# Source material:

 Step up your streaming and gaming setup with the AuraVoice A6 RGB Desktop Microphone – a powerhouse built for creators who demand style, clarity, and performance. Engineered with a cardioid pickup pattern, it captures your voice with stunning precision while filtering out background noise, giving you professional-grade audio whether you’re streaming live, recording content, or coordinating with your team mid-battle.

==

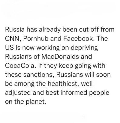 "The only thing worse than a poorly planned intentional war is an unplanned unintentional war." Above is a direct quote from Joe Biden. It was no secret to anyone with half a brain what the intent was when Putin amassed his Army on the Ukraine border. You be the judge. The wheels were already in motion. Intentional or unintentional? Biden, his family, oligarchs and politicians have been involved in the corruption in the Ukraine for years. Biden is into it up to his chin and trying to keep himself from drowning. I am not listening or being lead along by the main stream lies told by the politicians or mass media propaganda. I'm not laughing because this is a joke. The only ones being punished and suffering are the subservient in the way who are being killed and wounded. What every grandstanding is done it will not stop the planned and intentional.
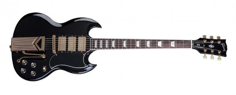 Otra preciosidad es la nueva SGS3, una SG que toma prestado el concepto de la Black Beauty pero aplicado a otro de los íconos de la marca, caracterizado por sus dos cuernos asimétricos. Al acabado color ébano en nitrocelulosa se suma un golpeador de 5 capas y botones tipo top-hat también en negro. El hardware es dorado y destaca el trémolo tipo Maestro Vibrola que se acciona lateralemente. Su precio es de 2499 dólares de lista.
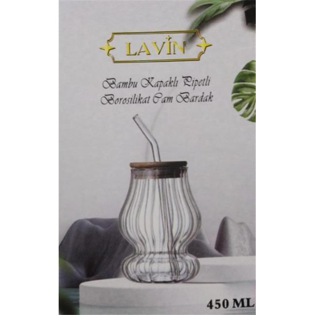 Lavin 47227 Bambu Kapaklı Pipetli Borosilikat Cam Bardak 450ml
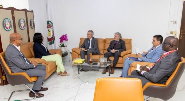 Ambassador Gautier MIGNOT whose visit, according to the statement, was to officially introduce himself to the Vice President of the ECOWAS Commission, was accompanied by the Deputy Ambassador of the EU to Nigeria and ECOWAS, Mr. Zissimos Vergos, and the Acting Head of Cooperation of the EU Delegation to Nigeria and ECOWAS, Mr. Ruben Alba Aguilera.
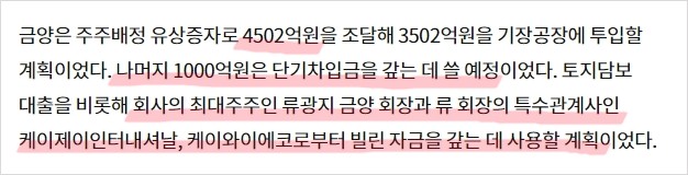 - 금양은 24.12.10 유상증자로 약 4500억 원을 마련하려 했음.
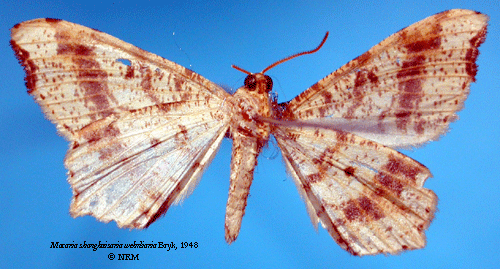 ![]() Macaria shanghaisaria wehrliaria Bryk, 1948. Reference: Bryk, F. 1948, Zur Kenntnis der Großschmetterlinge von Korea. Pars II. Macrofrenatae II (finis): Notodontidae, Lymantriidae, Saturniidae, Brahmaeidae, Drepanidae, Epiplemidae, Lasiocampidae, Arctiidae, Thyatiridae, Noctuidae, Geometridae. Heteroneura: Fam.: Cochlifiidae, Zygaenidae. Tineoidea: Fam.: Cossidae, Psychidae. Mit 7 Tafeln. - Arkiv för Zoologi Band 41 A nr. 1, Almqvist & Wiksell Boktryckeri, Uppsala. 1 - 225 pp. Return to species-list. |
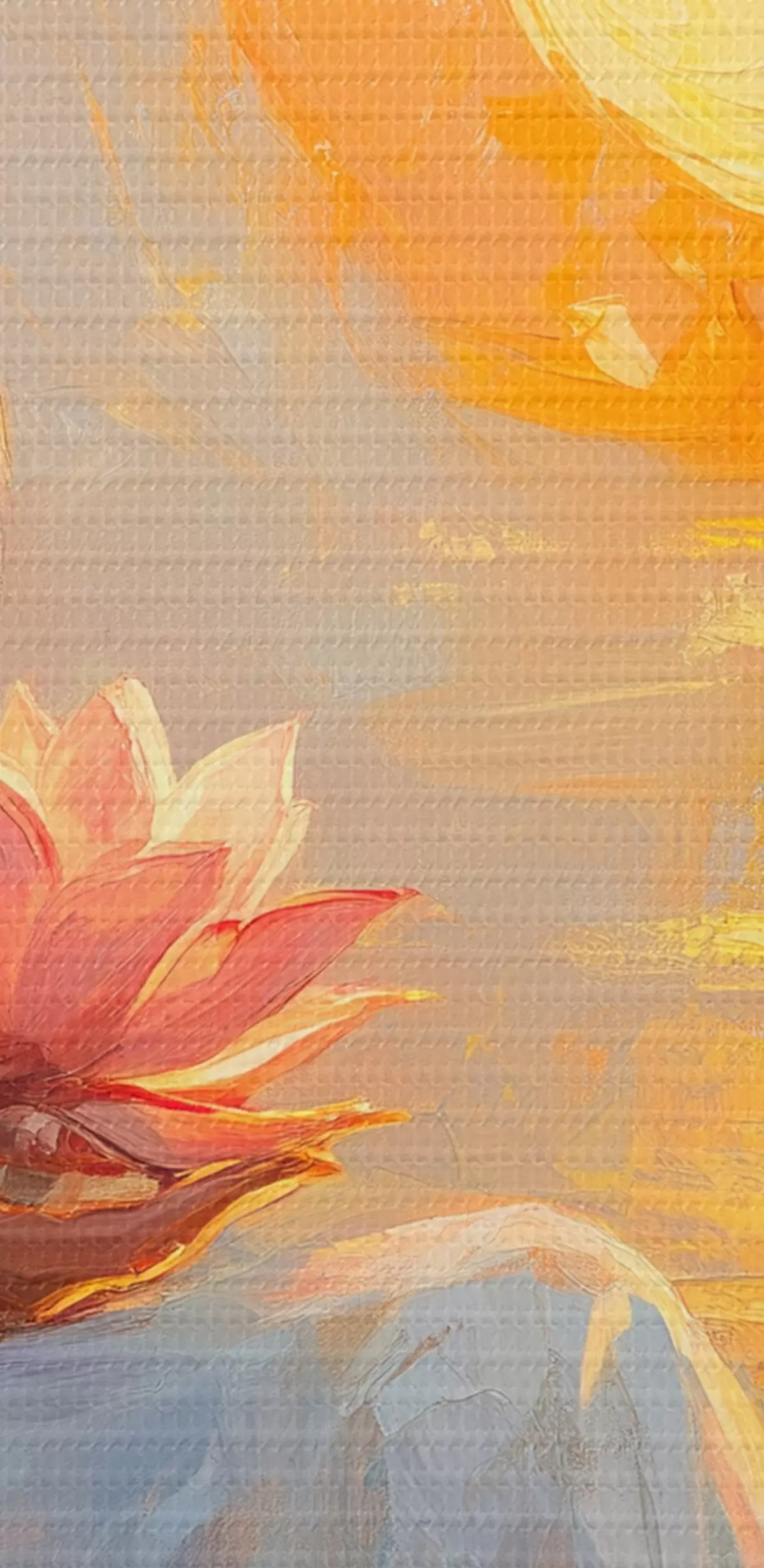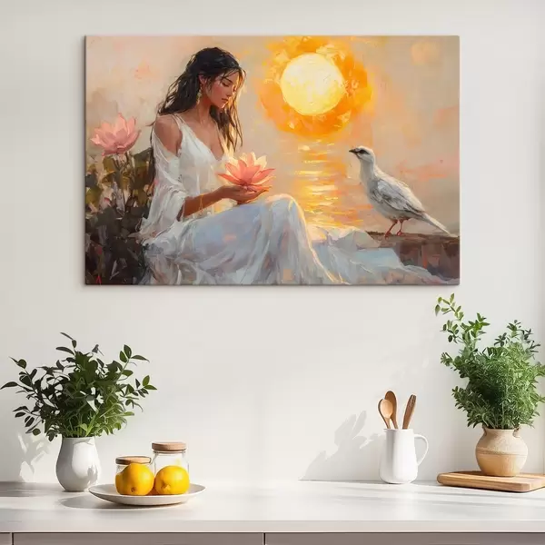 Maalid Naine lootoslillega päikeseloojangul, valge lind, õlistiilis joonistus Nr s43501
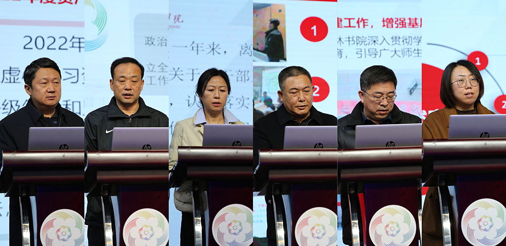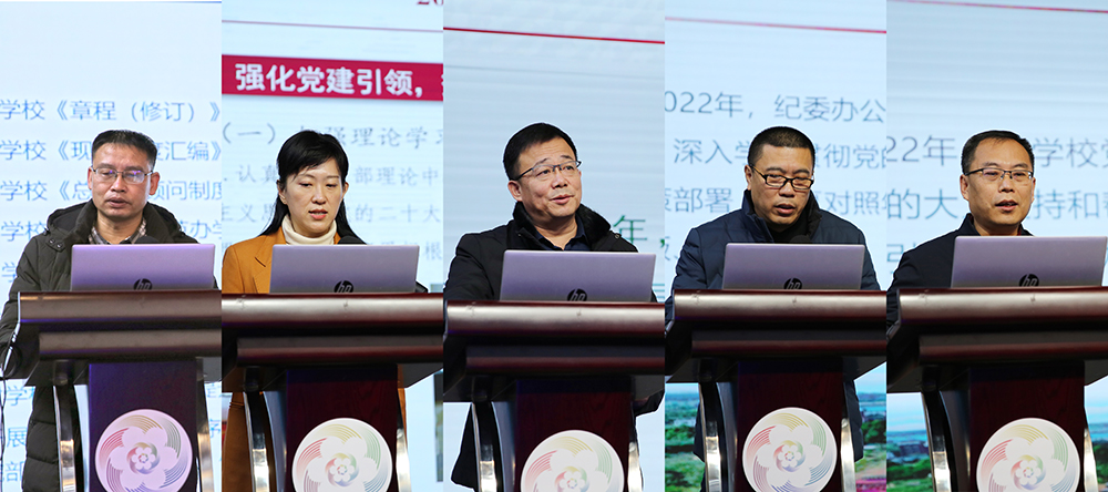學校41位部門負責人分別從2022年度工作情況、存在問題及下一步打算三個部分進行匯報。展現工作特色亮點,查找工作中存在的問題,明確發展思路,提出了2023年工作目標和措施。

# Problem description:
The result should be an exact copy of only the lines above from the one that holds "Lavin 47227 Bambu" through the one that holds "- 금양은 24.12.10 유상증자로 약 4500억 원을 마련하려 했음.", both ends included, without pictures.

# Answer to this problem:
 Lavin 47227 Bambu Kapaklı Pipetli Borosilikat Cam Bardak 450ml
 Ambassador Gautier MIGNOT whose visit, according to the statement, was to officially introduce himself to the Vice President of the ECOWAS Commission, was accompanied by the Deputy Ambassador of the EU to Nigeria and ECOWAS, Mr. Zissimos Vergos, and the Acting Head of Cooperation of the EU Delegation to Nigeria and ECOWAS, Mr. Ruben Alba Aguilera.
 - 금양은 24.12.10 유상증자로 약 4500억 원을 마련하려 했음.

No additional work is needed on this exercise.